Всю ночь я пролежала в темноте. Тепло Максима ещё жило на моей коже. Правда Вари лежала во мне, как камень на дне реки, — тяжёлая, неподвижная, меняющая течение.
Когда утром Маша села за стол и подняла на меня свои серые глаза, я поняла: сейчас. Не завтра. Не «когда подрастёт». Сейчас.
— Малыш, — сказала я, и голос мой дрогнул на первом же слоге, Маша мгновенно это уловила, потому что эта девочка считывала чужие эмоции с точностью кардиографа, — мне нужно тебе кое-что рассказать. Что-то очень важное…
Маша отложила ложку. Вытерла рот ладонью — я тысячу раз говорила ей «салфеткой», и тысячу раз она вытирала ладонью, — и посмотрела на меня тем прямым, серьёзным взглядом, от которого у меня всегда замирало дыхание, потому что так смотрел Илья, когда слушал что-то, от чего зависело всё.
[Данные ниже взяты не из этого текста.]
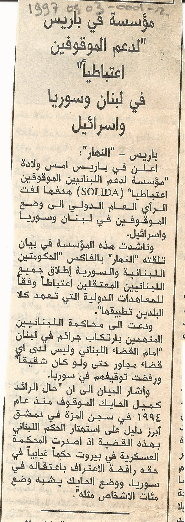 - en A Paris-based organization supports the arbitrarily detained in Lebanon, Syria and Israel
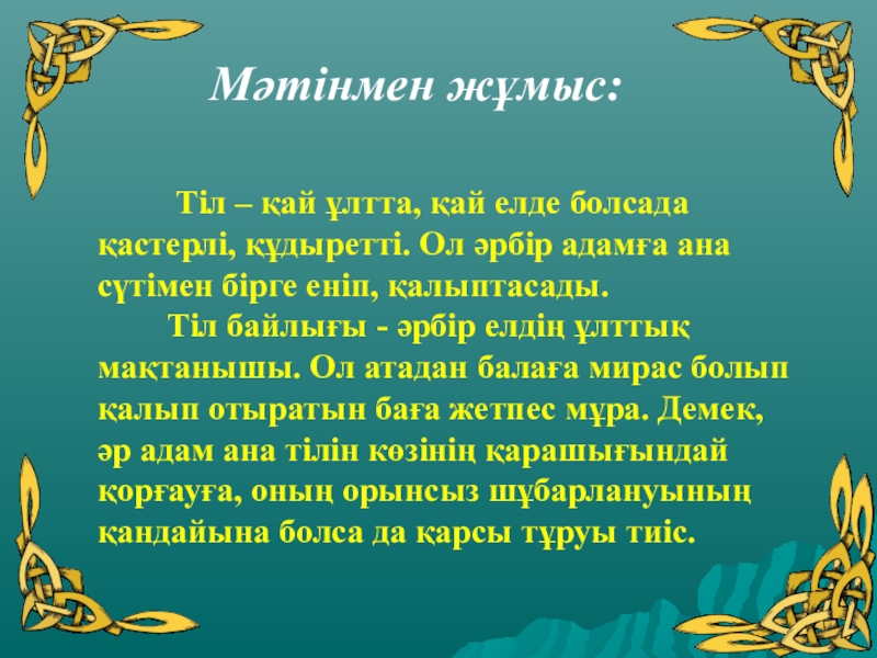 Қазақтың ұлттық ойындары, салт- дәстүрлері туралы білу.

— У тебя был брат, Машенька. Старший брат. Его звали Максим.
Тишина. Маша не двигалась. Даже не моргала. Смотрела на меня и впитывала, как впитывает земля воду после засухи — жадно, глубоко, до самых корней.
— Был? — переспросила она. Тихо. — Значит, его уже нет?
— Его нет, малыш. Он умер. Шесть лет назад, ещё до того, как ты родилась. Ему было двадцать лет.
— Двадцать, — повторила она, и я видела, как она пытается представить себе эту цифру, примерить к себе, — Это много.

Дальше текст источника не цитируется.